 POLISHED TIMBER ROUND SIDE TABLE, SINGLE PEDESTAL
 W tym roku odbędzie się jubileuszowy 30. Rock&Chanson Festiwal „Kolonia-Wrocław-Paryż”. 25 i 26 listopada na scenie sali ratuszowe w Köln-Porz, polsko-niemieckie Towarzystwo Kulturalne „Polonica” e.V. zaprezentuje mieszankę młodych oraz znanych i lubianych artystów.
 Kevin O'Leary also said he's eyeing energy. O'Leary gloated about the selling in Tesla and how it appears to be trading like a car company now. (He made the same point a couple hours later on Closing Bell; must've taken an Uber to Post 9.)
--
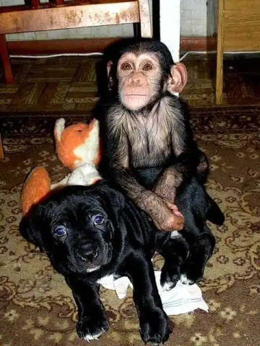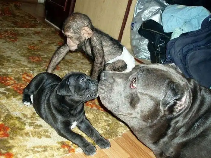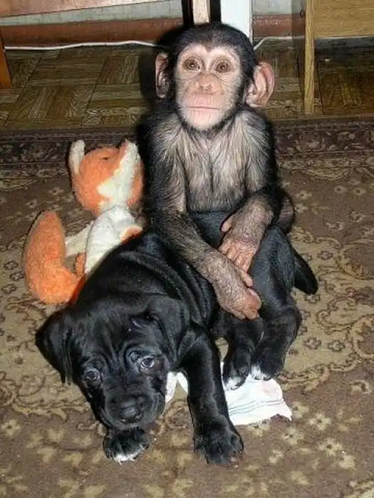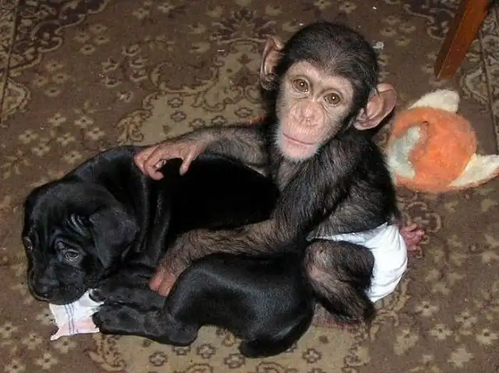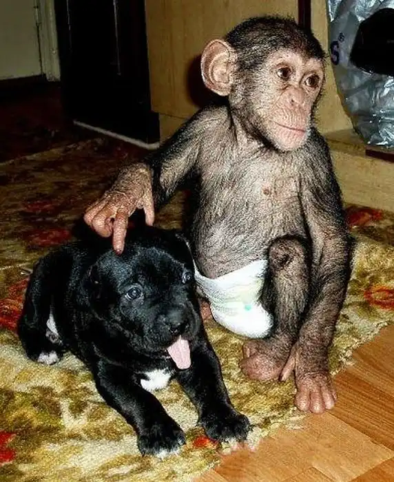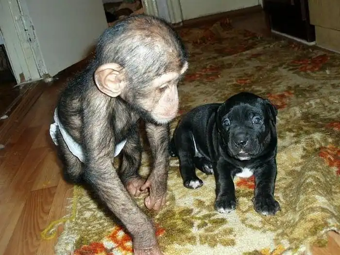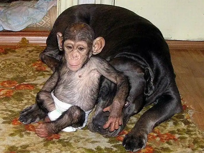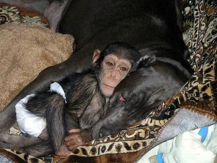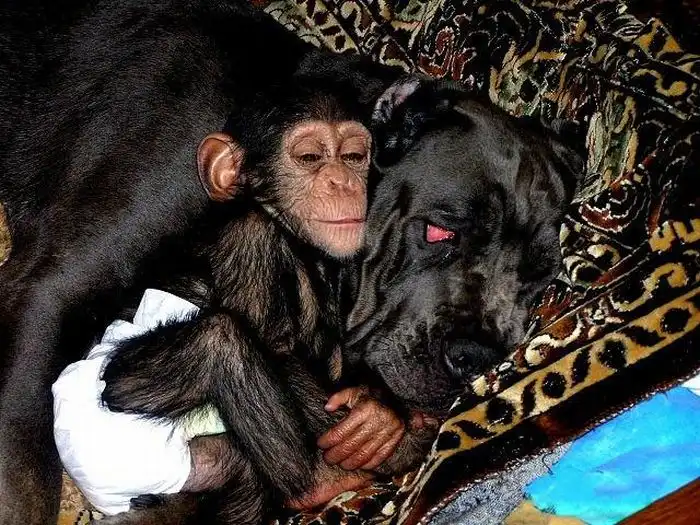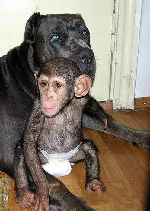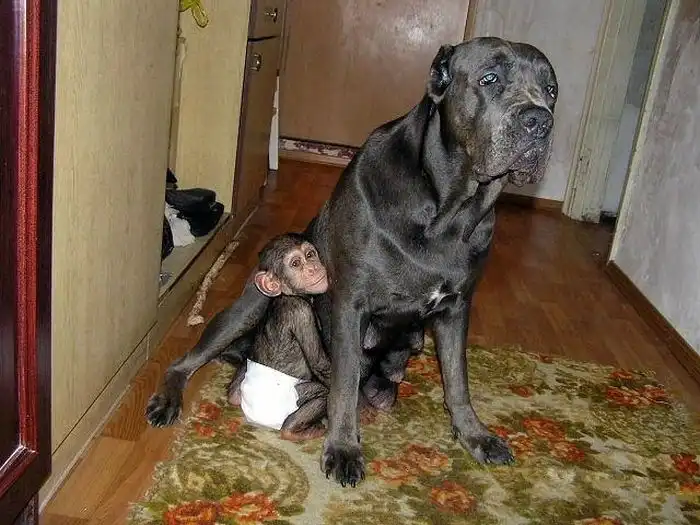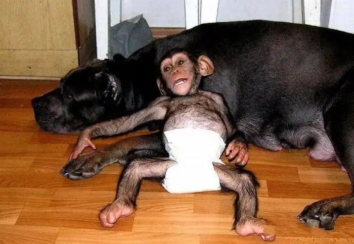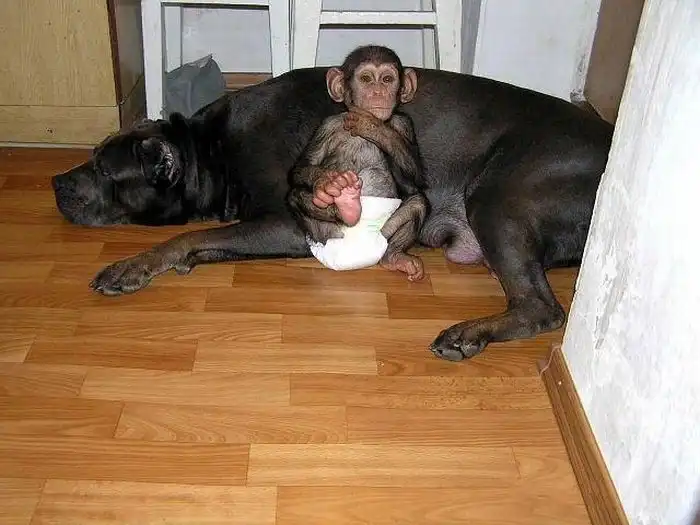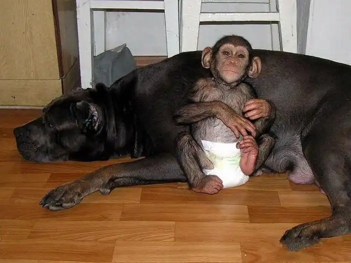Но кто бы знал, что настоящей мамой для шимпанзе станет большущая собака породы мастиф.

§ Prompt: Above are the records; print exactly the lines from the line with "POLISHED TIMBER ROUND" to the line with "Kevin O'Leary also", including both, and nothing else.

§ Exercise output:
 POLISHED TIMBER ROUND SIDE TABLE, SINGLE PEDESTAL
 W tym roku odbędzie się jubileuszowy 30. Rock&Chanson Festiwal „Kolonia-Wrocław-Paryż”. 25 i 26 listopada na scenie sali ratuszowe w Köln-Porz, polsko-niemieckie Towarzystwo Kulturalne „Polonica” e.V. zaprezentuje mieszankę młodych oraz znanych i lubianych artystów.
 Kevin O'Leary also said he's eyeing energy. O'Leary gloated about the selling in Tesla and how it appears to be trading like a car company now. (He made the same point a couple hours later on Closing Bell; must've taken an Uber to Post 9.)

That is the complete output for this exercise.